Member of the Provincial Assembly of the Punjab
- In office 21 July 2022 – 14 January 2023
- Preceded by: Muhammad Tahir Randhawa
- Constituency: PP-282 Layyah-III
- In office 1 June 2013 – 31 May 2018
- Preceded by: Himself
- Succeeded by: Muhammad Tahir Randhawa
- Constituency: PP-264 (Layyah-III)
- In office 9 April 2008 – 2013
- Succeeded by: Himself
- Constituency: PP-264 (Layyah-III)

Personal details
- Born: 15 May 1965 (age 61) Layyah District, Punjab, Pakistan
- Party: IPP (2023-present)
- Other political affiliations: PTI (2018-2023) PMLN (2008-2018)

= Qaisar Abbas Khan Magsi =

Pakistani politician

Sardar Qaisar Abbas Khan Magsi is a Pakistani politician who had been a Member of the Provincial Assembly of the Punjab from July 2022 till January 2023. He previously served in this role from April 2008 to April 2013 and from June 2013 to May 2018.

==Early life and education==
He was born on 15 May 1965 in Layyah District.

He has a degree of Bachelor of Arts which he obtained from Bahauddin Zakariya University.

==Political career==
He was elected to the Provincial Assembly of the Punjab as a candidate of Pakistan Muslim League (N) (PML-N) from Constituency PP-264 (Layyah-III) in the 2008 Pakistani general election. He received 34,171 votes and defeated Sardar Shahab-ud-Din Khan.

He was re-elected to the Provincial Assembly of the Punjab as a candidate of PML-N from Constituency PP-264 (Layyah-III) in the 2013 Pakistani general election.

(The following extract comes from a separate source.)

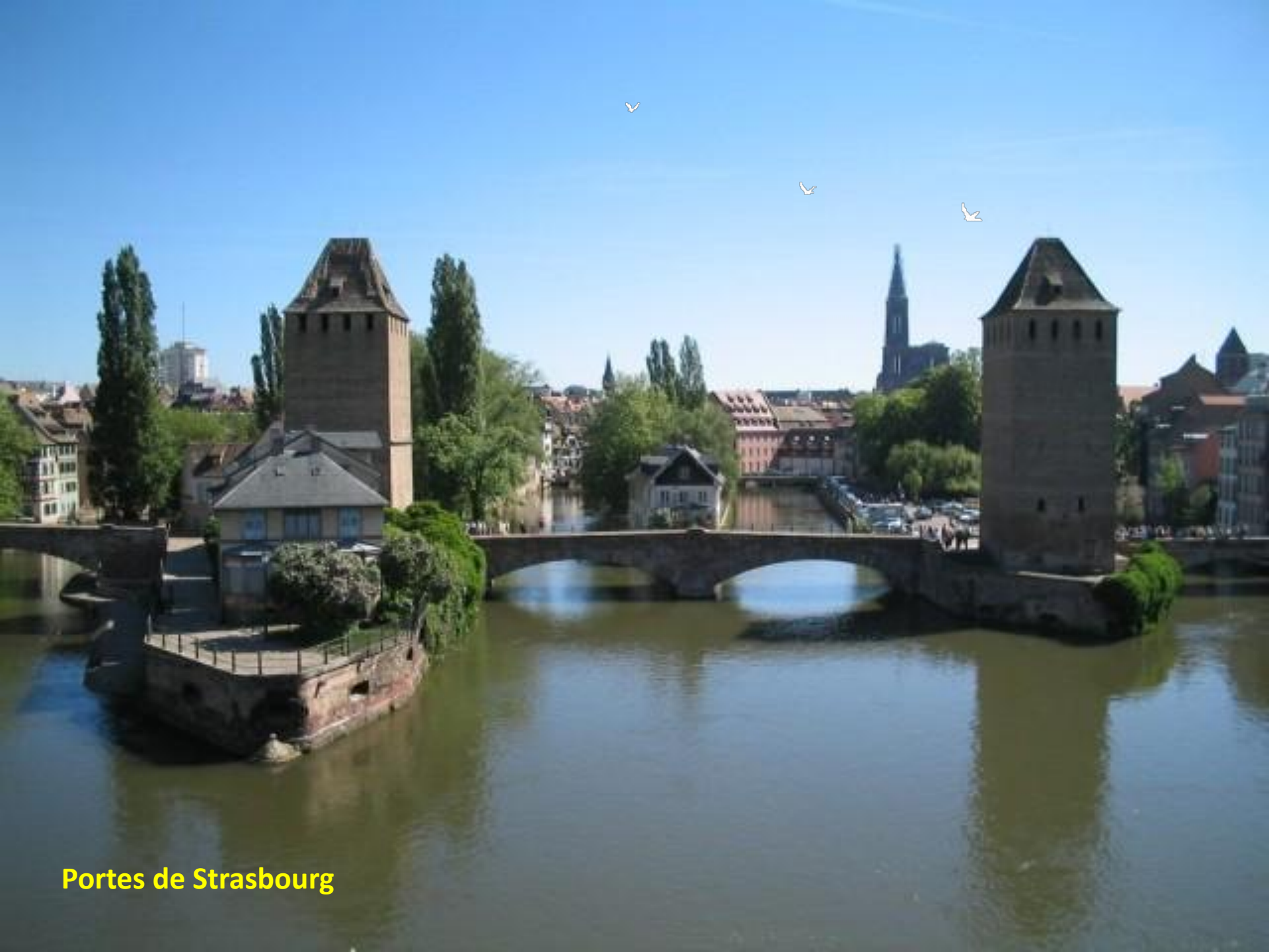
Portes de Strasbourg

In April 2018, he announced to quit PMLN. He joined the Pakistan Tehreek-e-Insaf (PTI) soon after.

He ran for a seat of the Provincial Assembly of the Punjab from PP-282 Layyah-III as a candidate of the PTI in the 2018 Punjab provincial election, but was defeated by Muhammad Tahir Randhawa, an independent candidate.

He was elected to the Provincial Assembly of the Punjab from PP-282 Layyah-III as a candidate of the PTI in the July 2022 Punjab provincial by-election. He defeated Muhammad Tahir Randhawa, a candidate of the PML(N).

On 18 May 2023, he left the PTI due to the 2023 Pakistani protests. He joined the Istehkam-e-Pakistan Party (IPP) on 8 June 2023.